* [YOUR TASK]: Please return each entry that follows exactly as given, but without pictures.

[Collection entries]

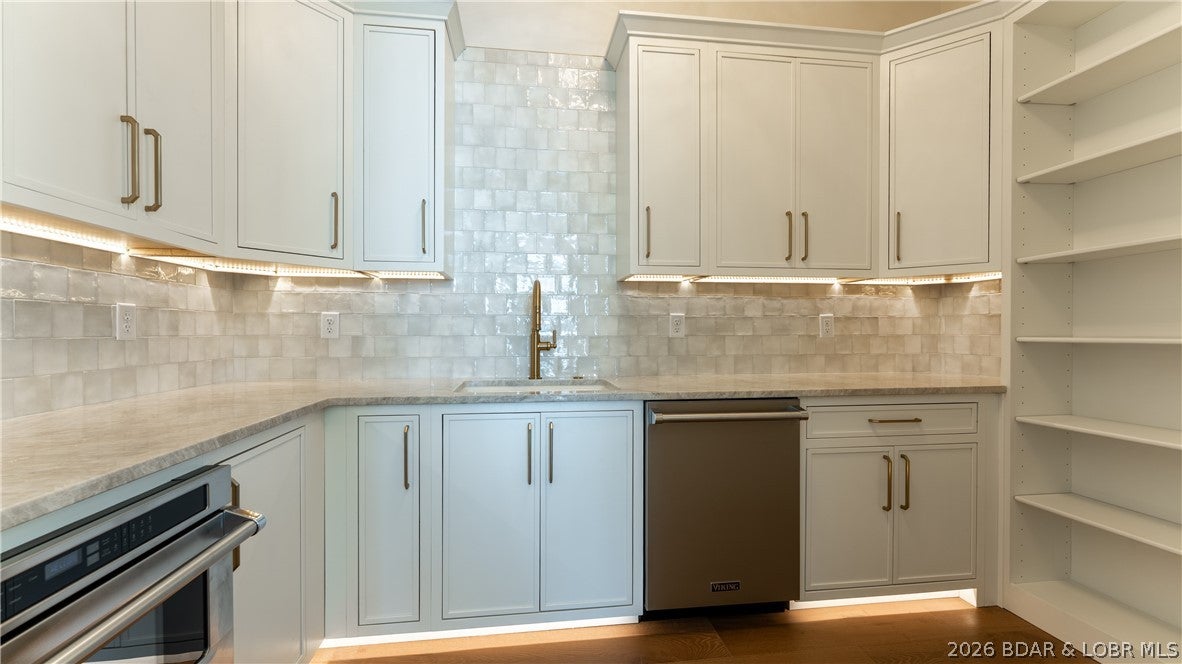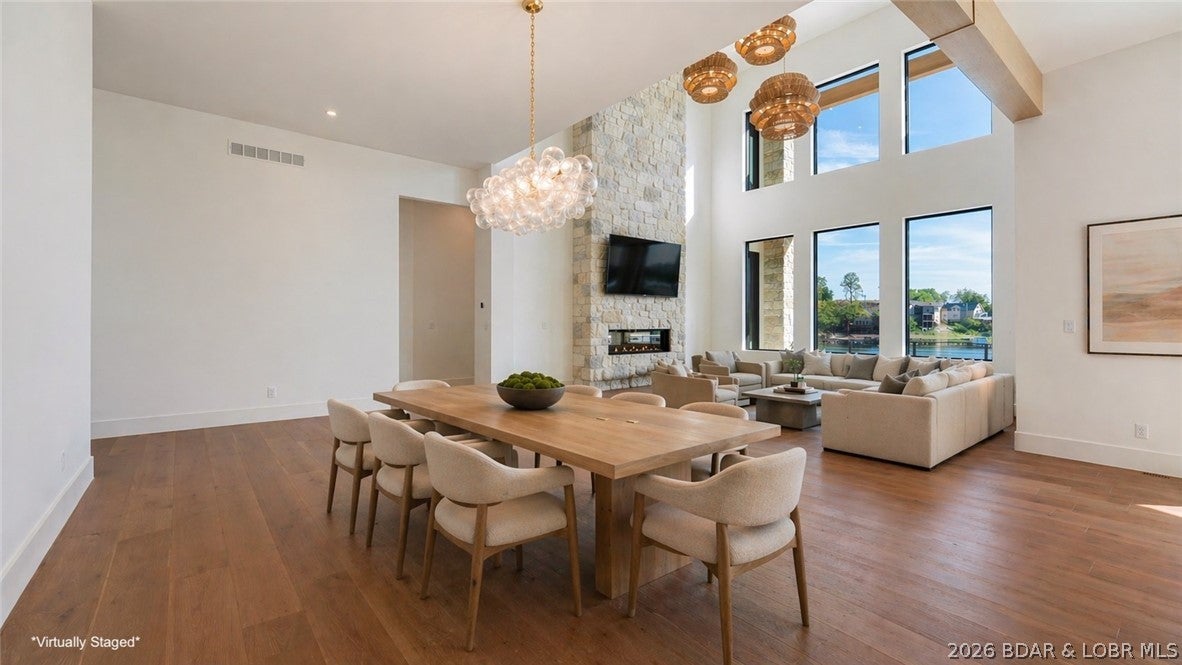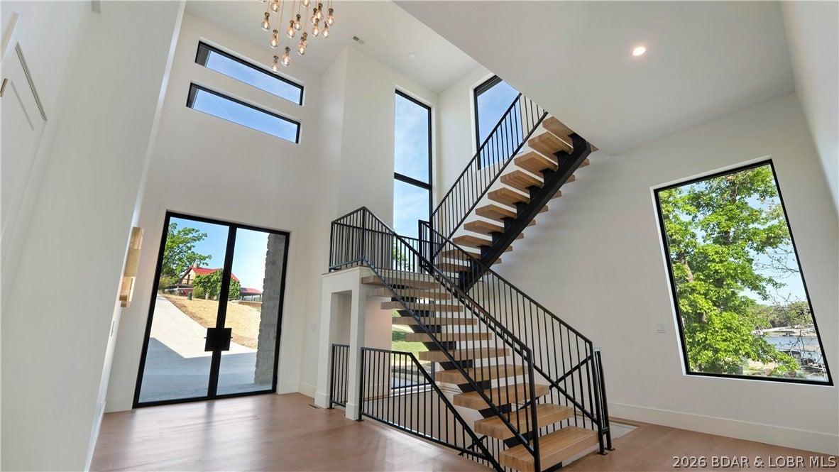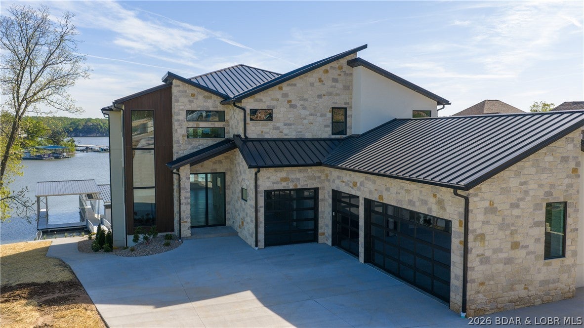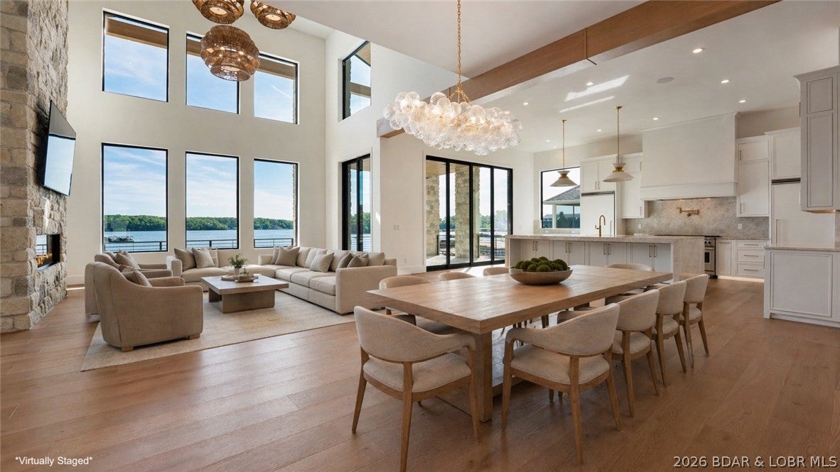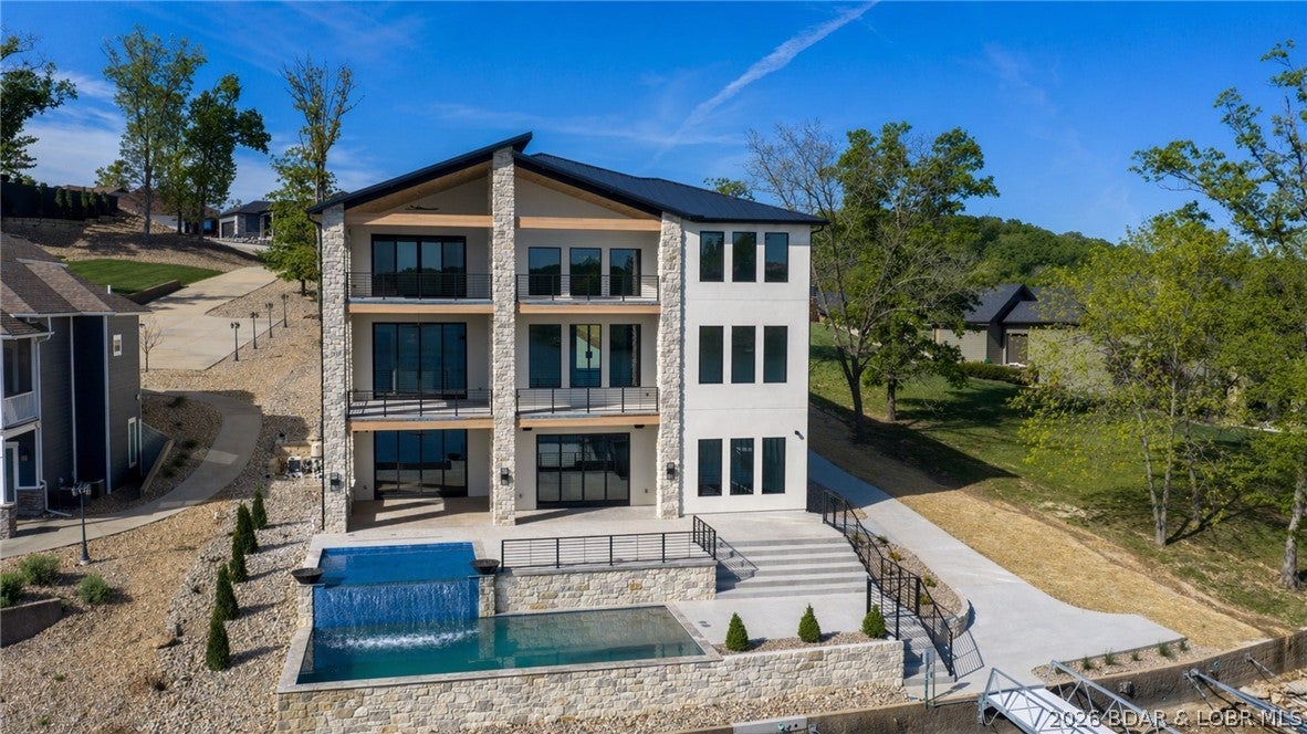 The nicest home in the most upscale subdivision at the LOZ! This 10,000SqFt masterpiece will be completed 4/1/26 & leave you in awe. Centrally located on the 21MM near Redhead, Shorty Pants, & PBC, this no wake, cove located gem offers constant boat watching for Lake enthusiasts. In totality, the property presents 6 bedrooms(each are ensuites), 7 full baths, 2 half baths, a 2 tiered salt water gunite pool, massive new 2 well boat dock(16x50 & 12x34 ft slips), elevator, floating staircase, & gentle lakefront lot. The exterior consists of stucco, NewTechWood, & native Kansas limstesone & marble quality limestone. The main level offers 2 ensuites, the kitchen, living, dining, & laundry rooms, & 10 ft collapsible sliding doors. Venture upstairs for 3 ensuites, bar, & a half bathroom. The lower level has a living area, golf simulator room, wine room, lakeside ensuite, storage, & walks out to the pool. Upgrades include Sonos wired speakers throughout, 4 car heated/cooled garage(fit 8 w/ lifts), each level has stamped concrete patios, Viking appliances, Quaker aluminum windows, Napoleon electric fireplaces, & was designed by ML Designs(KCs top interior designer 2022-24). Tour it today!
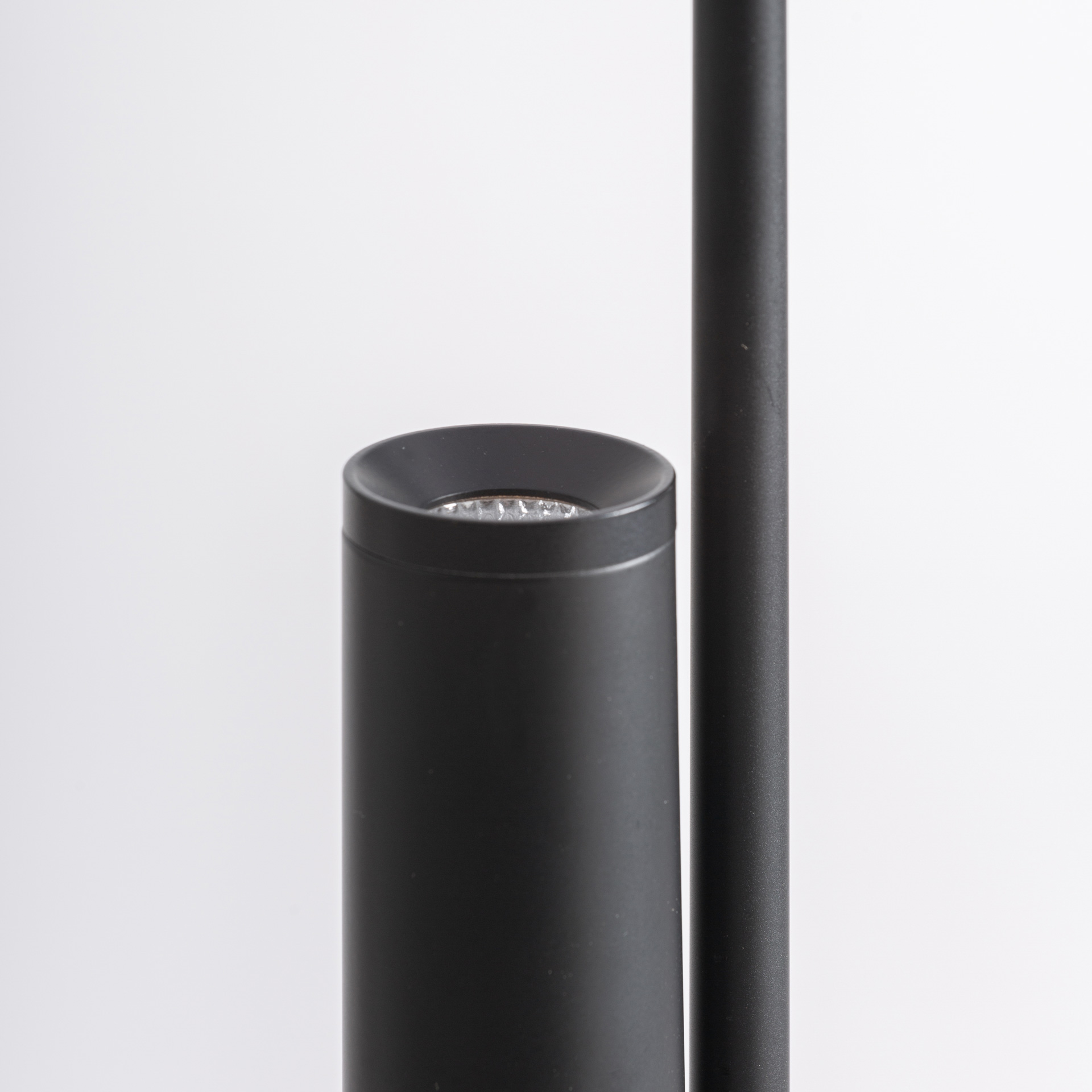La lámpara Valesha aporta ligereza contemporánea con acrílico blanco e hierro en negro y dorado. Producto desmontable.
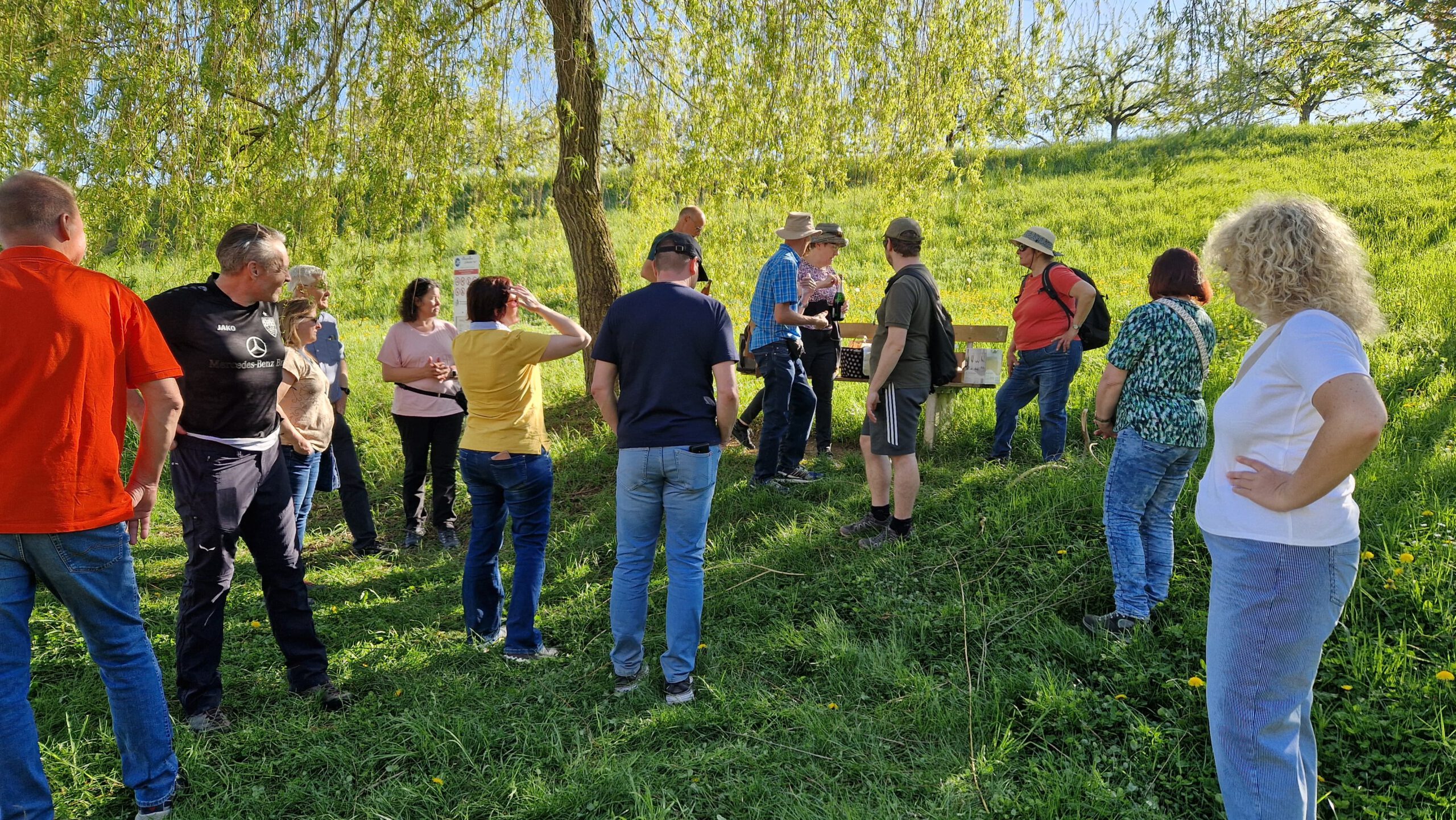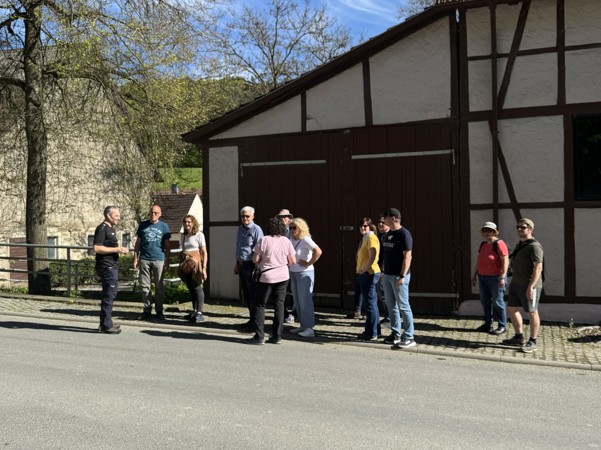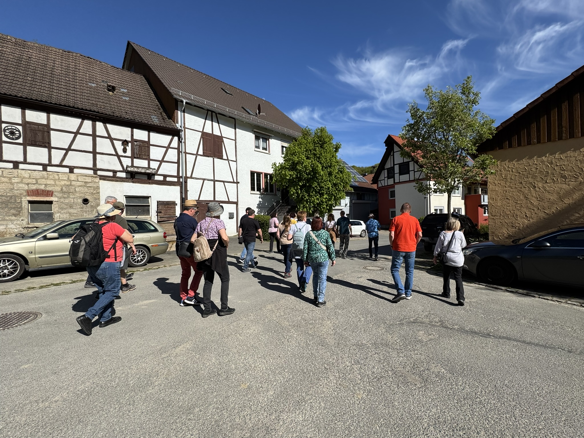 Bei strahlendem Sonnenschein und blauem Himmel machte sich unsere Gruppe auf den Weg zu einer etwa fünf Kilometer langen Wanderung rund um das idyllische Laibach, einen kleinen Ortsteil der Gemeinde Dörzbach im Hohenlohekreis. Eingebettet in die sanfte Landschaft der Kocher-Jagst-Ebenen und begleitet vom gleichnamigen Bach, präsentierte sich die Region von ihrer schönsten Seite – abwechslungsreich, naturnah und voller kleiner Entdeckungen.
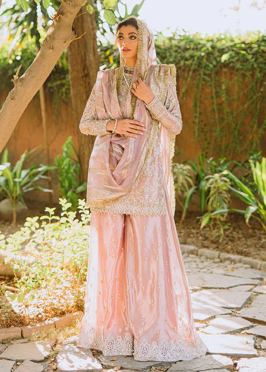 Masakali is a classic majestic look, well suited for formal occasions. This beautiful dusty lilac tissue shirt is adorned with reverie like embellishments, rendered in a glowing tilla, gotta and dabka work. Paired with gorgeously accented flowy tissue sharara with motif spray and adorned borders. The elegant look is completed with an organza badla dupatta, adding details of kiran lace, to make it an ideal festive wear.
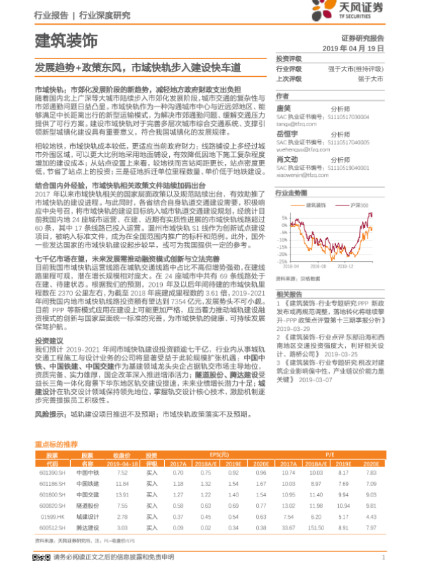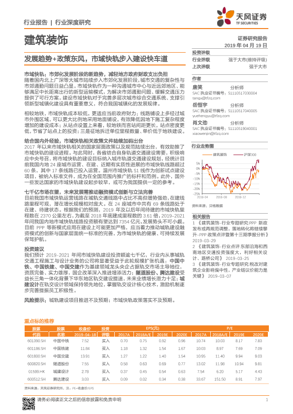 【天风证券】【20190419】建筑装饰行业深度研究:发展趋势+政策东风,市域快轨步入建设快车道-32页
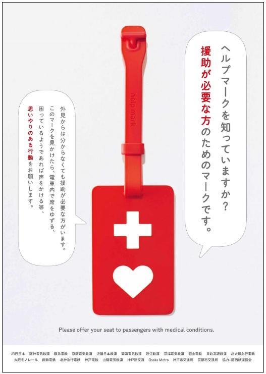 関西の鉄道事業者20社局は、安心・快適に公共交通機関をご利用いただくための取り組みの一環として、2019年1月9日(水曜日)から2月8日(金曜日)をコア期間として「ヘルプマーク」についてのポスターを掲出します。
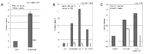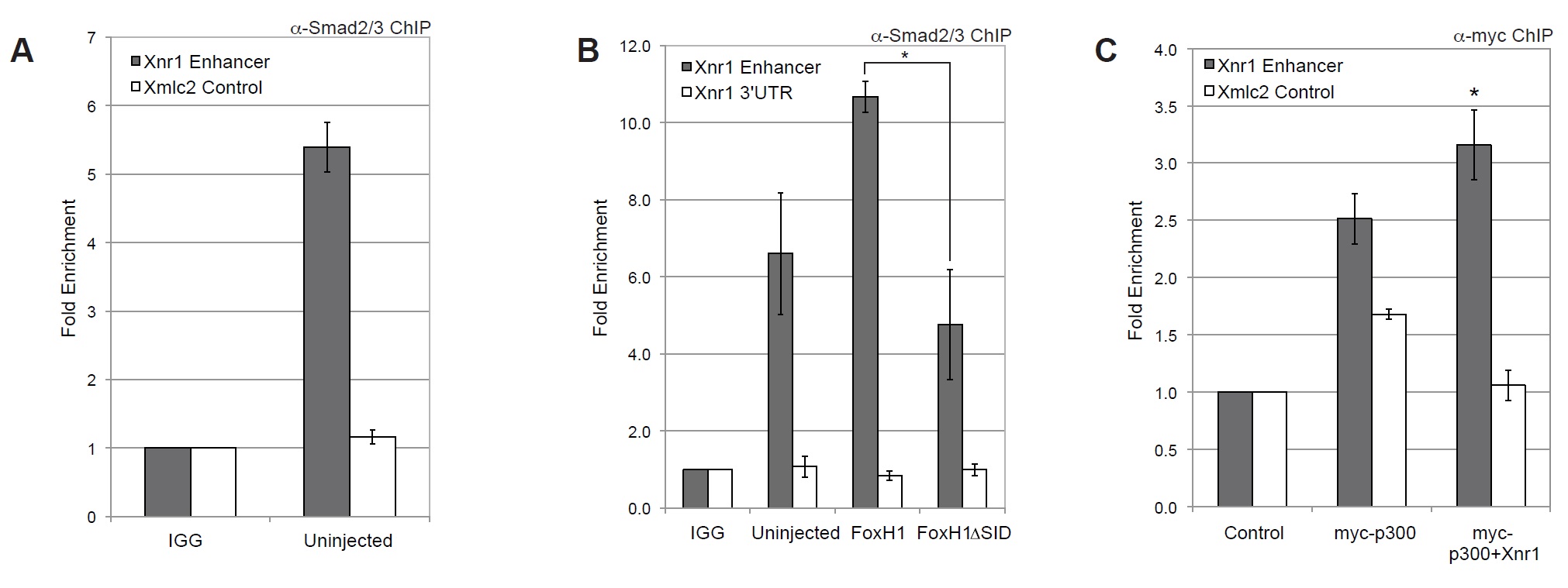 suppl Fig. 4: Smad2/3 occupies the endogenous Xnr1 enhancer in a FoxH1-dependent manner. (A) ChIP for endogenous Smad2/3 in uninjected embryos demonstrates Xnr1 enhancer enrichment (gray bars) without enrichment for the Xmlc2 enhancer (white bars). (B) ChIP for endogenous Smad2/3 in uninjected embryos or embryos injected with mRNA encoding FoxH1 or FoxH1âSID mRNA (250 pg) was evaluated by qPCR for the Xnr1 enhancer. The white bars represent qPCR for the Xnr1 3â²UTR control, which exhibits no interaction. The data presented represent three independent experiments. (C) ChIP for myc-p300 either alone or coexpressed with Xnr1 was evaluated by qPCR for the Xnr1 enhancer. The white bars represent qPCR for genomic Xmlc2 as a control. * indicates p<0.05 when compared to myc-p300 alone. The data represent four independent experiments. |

* [RESULT OF THE TASK]:
 The nicest home in the most upscale subdivision at the LOZ! This 10,000SqFt masterpiece will be completed 4/1/26 & leave you in awe. Centrally located on the 21MM near Redhead, Shorty Pants, & PBC, this no wake, cove located gem offers constant boat watching for Lake enthusiasts. In totality, the property presents 6 bedrooms(each are ensuites), 7 full baths, 2 half baths, a 2 tiered salt water gunite pool, massive new 2 well boat dock(16x50 & 12x34 ft slips), elevator, floating staircase, & gentle lakefront lot. The exterior consists of stucco, NewTechWood, & native Kansas limstesone & marble quality limestone. The main level offers 2 ensuites, the kitchen, living, dining, & laundry rooms, & 10 ft collapsible sliding doors. Venture upstairs for 3 ensuites, bar, & a half bathroom. The lower level has a living area, golf simulator room, wine room, lakeside ensuite, storage, & walks out to the pool. Upgrades include Sonos wired speakers throughout, 4 car heated/cooled garage(fit 8 w/ lifts), each level has stamped concrete patios, Viking appliances, Quaker aluminum windows, Napoleon electric fireplaces, & was designed by ML Designs(KCs top interior designer 2022-24). Tour it today!
La lámpara Valesha aporta ligereza contemporánea con acrílico blanco e hierro en negro y dorado. Producto desmontable.
 Bei strahlendem Sonnenschein und blauem Himmel machte sich unsere Gruppe auf den Weg zu einer etwa fünf Kilometer langen Wanderung rund um das idyllische Laibach, einen kleinen Ortsteil der Gemeinde Dörzbach im Hohenlohekreis. Eingebettet in die sanfte Landschaft der Kocher-Jagst-Ebenen und begleitet vom gleichnamigen Bach, präsentierte sich die Region von ihrer schönsten Seite – abwechslungsreich, naturnah und voller kleiner Entdeckungen.
 Masakali is a classic majestic look, well suited for formal occasions. This beautiful dusty lilac tissue shirt is adorned with reverie like embellishments, rendered in a glowing tilla, gotta and dabka work. Paired with gorgeously accented flowy tissue sharara with motif spray and adorned borders. The elegant look is completed with an organza badla dupatta, adding details of kiran lace, to make it an ideal festive wear.
 【天风证券】【20190419】建筑装饰行业深度研究:发展趋势+政策东风,市域快轨步入建设快车道-32页
 関西の鉄道事業者20社局は、安心・快適に公共交通機関をご利用いただくための取り組みの一環として、2019年1月9日(水曜日)から2月8日(金曜日)をコア期間として「ヘルプマーク」についてのポスターを掲出します。
 suppl Fig. 4: Smad2/3 occupies the endogenous Xnr1 enhancer in a FoxH1-dependent manner. (A) ChIP for endogenous Smad2/3 in uninjected embryos demonstrates Xnr1 enhancer enrichment (gray bars) without enrichment for the Xmlc2 enhancer (white bars). (B) ChIP for endogenous Smad2/3 in uninjected embryos or embryos injected with mRNA encoding FoxH1 or FoxH1âSID mRNA (250 pg) was evaluated by qPCR for the Xnr1 enhancer. The white bars represent qPCR for the Xnr1 3â²UTR control, which exhibits no interaction. The data presented represent three independent experiments. (C) ChIP for myc-p300 either alone or coexpressed with Xnr1 was evaluated by qPCR for the Xnr1 enhancer. The white bars represent qPCR for genomic Xmlc2 as a control. * indicates p<0.05 when compared to myc-p300 alone. The data represent four independent experiments. |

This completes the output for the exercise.